To emulate the same behavior as the original system, Rawsthorne said the kernel is designed to generate "precise exceptions" if errors are encountered "in the way the original hardware would have generated them."
I/O translations
The kernel emulates hardware registers in the source architecture using what the company calls the Flexible User System Environment (Fuse).
"It's the software equivalent of a BIOS [basic input output system] for a CPU," Rawsthorne said. "Anything that has an interface can be brought out and we can build interfaces where no explicit interface exists in the original."
For example, a serial port in the original processor that is programmed using bit-wise accesses may be mapped onto a set of library calls which control a device driver on the target architecture.
"In the workloads we have looked at overall, the only things that need static translation are real-time interrupt response routines," said Rawsthorne.
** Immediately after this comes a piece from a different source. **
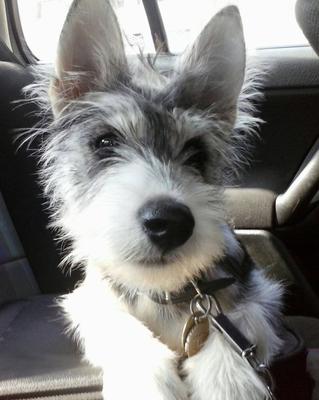 Mia is all black with some white markings on her paws, nose, chest, and tail. She looks mostly like a very "large" Maltese, weighing in at 25 lbs. She does not shed, and house-breaking her has been an ordeal. Her personality is most like a standard Maltese, though she seems to have a bit more energy than any Maltese I've ever encountered.

"We have had discussions with people who have seen discontinuities in their architectures. The problem they faced was, do you stay with an obsolete instruction set to maintain credibility with customers or do you make a break?"
John Graham, Transitive's chief executive officer, added: "We believe synthetic CPUs have a sustainable advantage over hardware CPUs. It is only the lunatic fringe of real-time network processors that we would struggle against. Legacy gates are expensive in terms of power, performance and verification effort. Design times are dragging on so long that developers are trapped by their own creations."
Chris Edwards is editor of Electronics Times, EE Times' sister publication in the United Kingdom.